Wednesday, March 21, 2018

Evanston: fragmented

        Evening.
        I’m sitting before the lit fireplace.  
        Carol is in California for a couple of days on business.
        I was listening to Leonard Cohen’s final album, YOU WANT IT DARKER, recorded during the last year of his life as he was dying.  His voice is pretty much gone.  He speaks the words.  But I think it is one of his best.
        I am feeling fragmented:  Carol, GANNET, this condo, the one in Hilton Head.  And then I realized that fragmented is my normal state.  Perhaps the normal state of all of us almost always.
        Fragmented is not necessarily bad, if you can keep the core together.
        I have usually been fragmented by the love of solitude and the love of women without regret or by living where I did not want to be with regret.  If given the choice, I would not have been born in Saint Louis or spent most of the first two decades of my life there.  Or lived in Boston or Evanston.

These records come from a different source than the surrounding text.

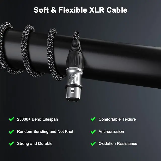 Durable XLR CableThe balanced XLR to XLR cable features multi-layer protection (imported high-elastic PVC and nylon braid). Compared with ordinary PVC without braid, our XLR cables are more durable, not easy to crack, not knotted, and wear-resistant. Bend test up to 25,000+ times without reducing microphone cord flexibility and ensure its optimal performance.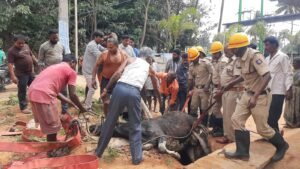 ಸ್ಥಳಕ್ಕೆ ಬಂದ ಅಗ್ನಿಶಾಮಕ ಸಿಬ್ಬಂದಿ ಹಗ್ಗ ಹಾಗೂ ಓಸ್ ಪೈಪ್ ಗಳ ಮೂಲಕ ಹಸುವನ್ನು ಸುರಕ್ಷಿತವಾಗಿ ಮೇಲೆ ತೆಗೆದರು. ರಕ್ಷಣಾ ಕಾರ್ಯಾಚರಣೆ ವೇಳೆ ಹಸುವಿಗೆ ಸಣ್ಣಪುಟ್ಟ ಗಾಯಗಳಾದವು. ಪಶುವೈದ್ಯರನ್ನು ಕರೆಸಿ ಚಿಕಿತ್ಸೆ ಕೊಡಿಸಲಾಯಿತು.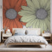 Ta ozadje s stenskim muralom poudarja lepe stilizirane cvetove v odtenkih oranžne in zelene barve, ki se izstopajo na ozadju nežnih cvetličnih vzorcev. Veliki cvetovi prinašajo živahen in dinamičen dotik, medtem ko črno-belo ozadje ustvarja pomirjujoč kontrast.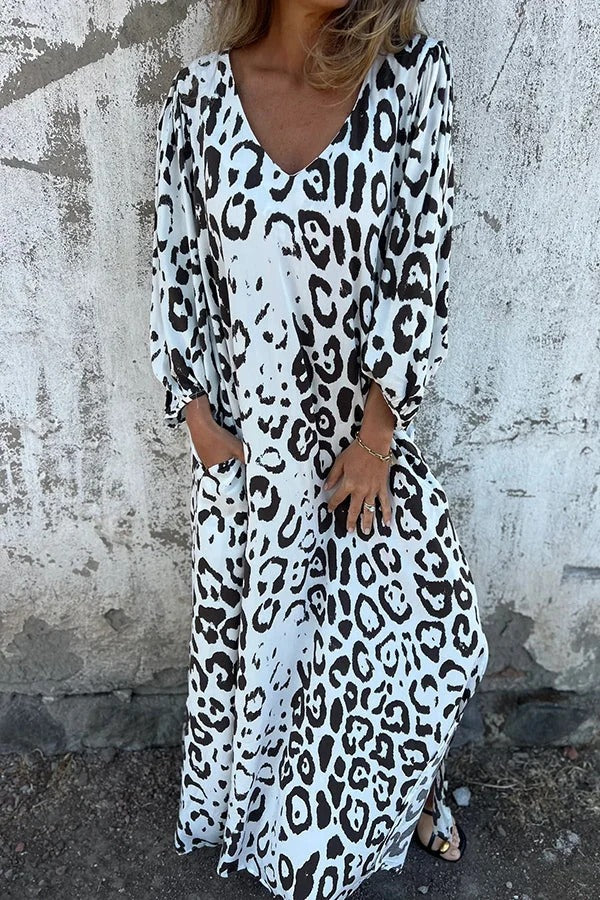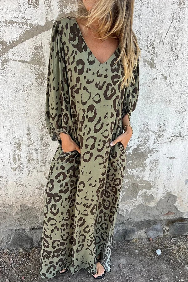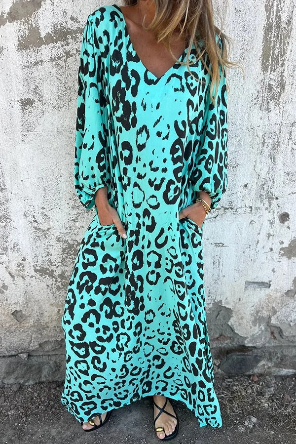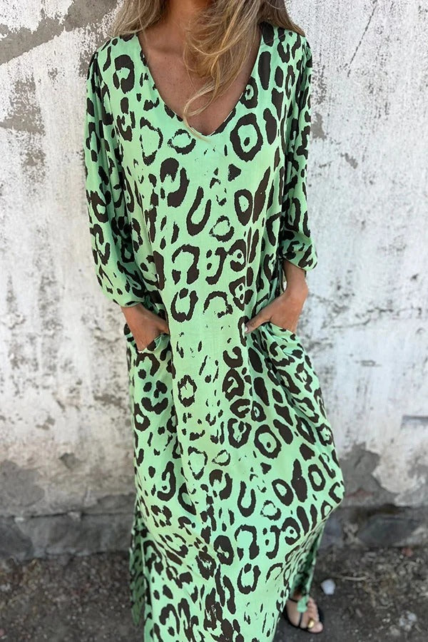 Leopard Print Loose V-neck Pocket Holiday Style Maxi Dress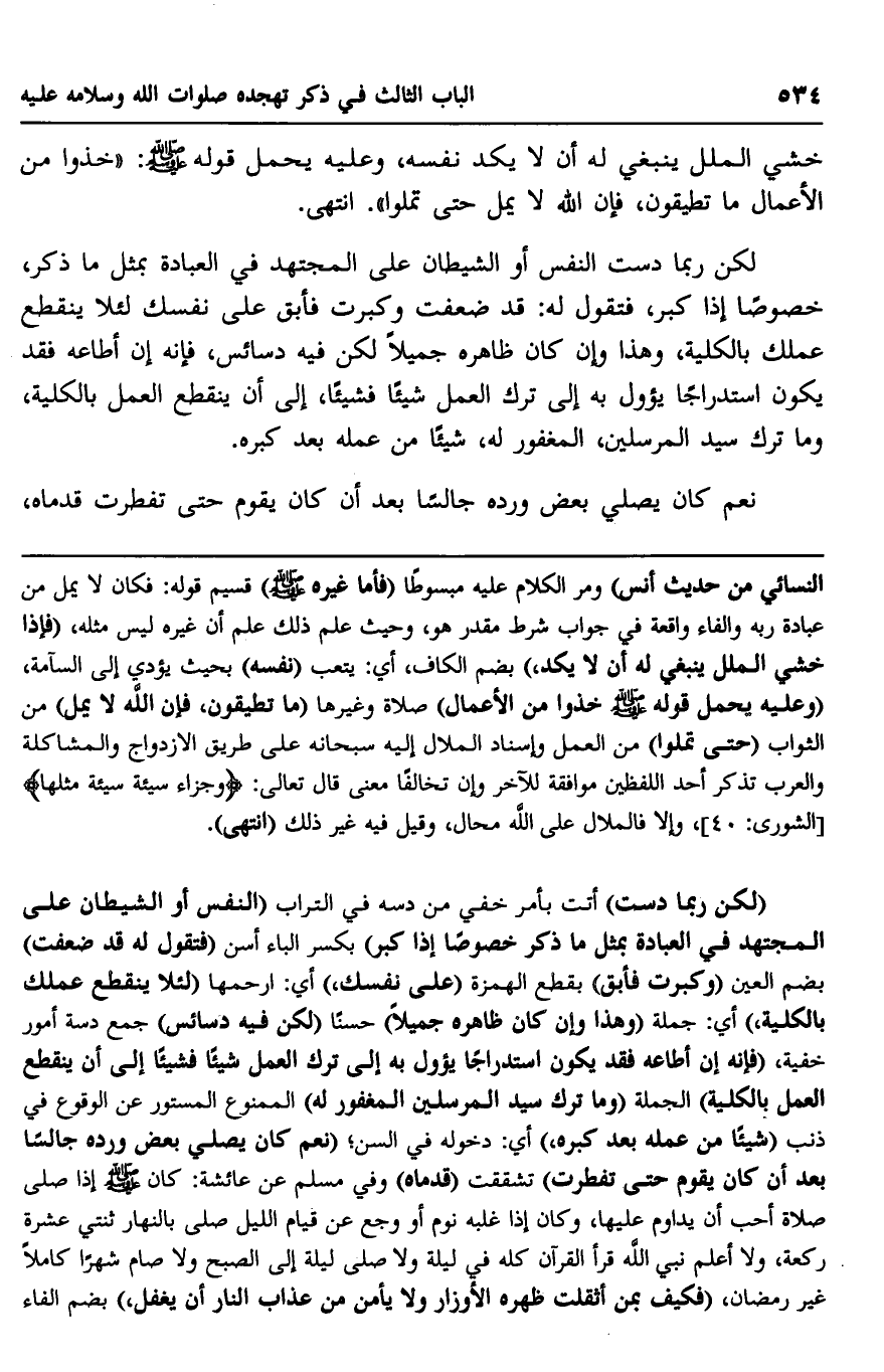 لكن ربما دست النفس أو الشيطان على المجتهد في العبادة بمثل ما ذكر، خصوصا إذا كبر، فتقول له: قد ضعفت وكبرت فأبق على نفسك لئلا ينقطع عملك بالكلية، وهذا وإن كان ظاهره جميلا لكن فيه دسائس، فإنه إن أطاعه فقد يكون استدراجا يئول به إلى ترك العمل شيئا فشيئا، إلى أن ينقطع العمل بالكلية، وما ترك سيد المرسلين، المغفور له، شيئا من عمله بعد كبره.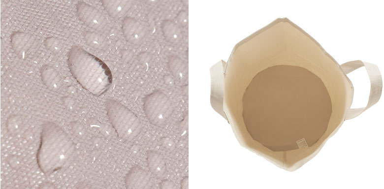 ・内側は防水加工(PEコーティング)で、脱水後の衣類やタオルも安心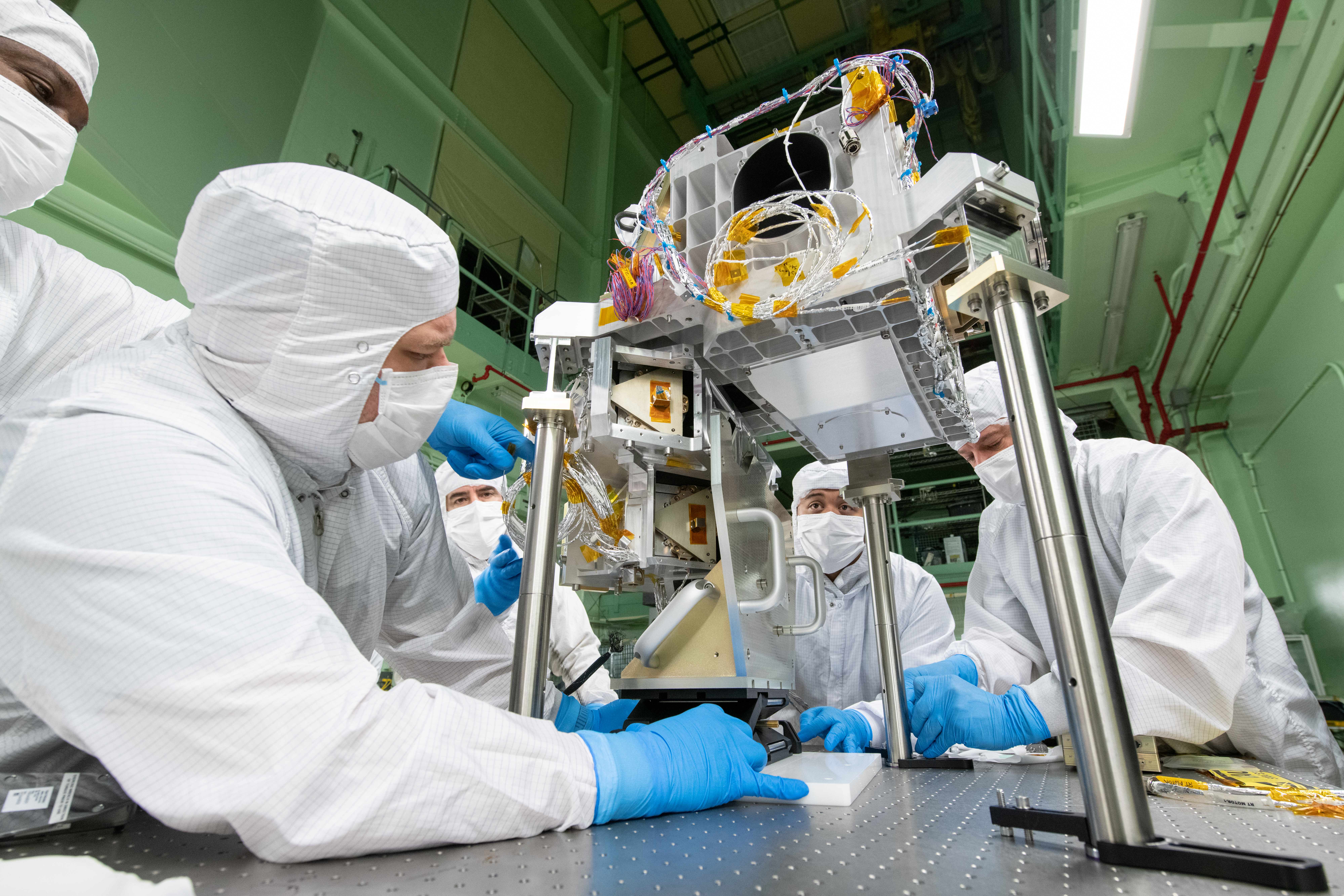 Mechanical technician, Andrew Scharmann, slides a lift fixture into position to ensure the Ocean Color Instrument (OCI) Main Optics Bench (MOB) and Main Optics Sub Bench (MOSB) are aligned. OCI is a highly advanced optical spectrometer that will be used to measure properties of light over portions of the electromagnetic spectrum. It will enable continuous measurement of light at finer wavelength resolution than previous NASA satellite sensors, extending key system ocean color data records for climate studies. OCI is PACE's (Plankton, Aerosol, Cloud, ocean Ecosystem) primary sensor built at Goddard Space Flight Center in Greenbelt, MD.

        When I think back there may have been only one period when I was not fragmented and that was from when I left San Diego on November 2, 1974, in EGREGIOUS on my first attempt at Cape Horn until whatever date in March, 1976, when I met Suzanne in Auckland, New Zealand.  
        A year and a half out of seventy-six.
        On November 2, 1974, I left behind on the dock three women.  All beautiful, intelligent, charming and sexy.  They knew of one another.  For the preceding year I spent two nights a week with each and had Sunday to myself.  One was the woman I most regret not having married.  She and I were together off and on for seven years, but the timing was wrong.  Another was a Philippine/American of doe like grace.   And the third was an ex-wife with whom I shared great sex and a liking for classical music.  You would think that would be enough, but it wasn’t.
        They were all woman any man would desire, but I left them.  And I lost them.
        As I wrote in STORM PASSAGE, that voyage was a matter of life and death--but then all of my voyages have been.  More it was a proving of Webb Chiles to Webb Chiles that he was what he thought he was.  And for that year and a half I was unfragmented.  Made pure sprit oddly by putting my flesh on the line.
        I am fragmented now more than I like to be.   
        If I live long enough to see Carol retire, life may become simpler again.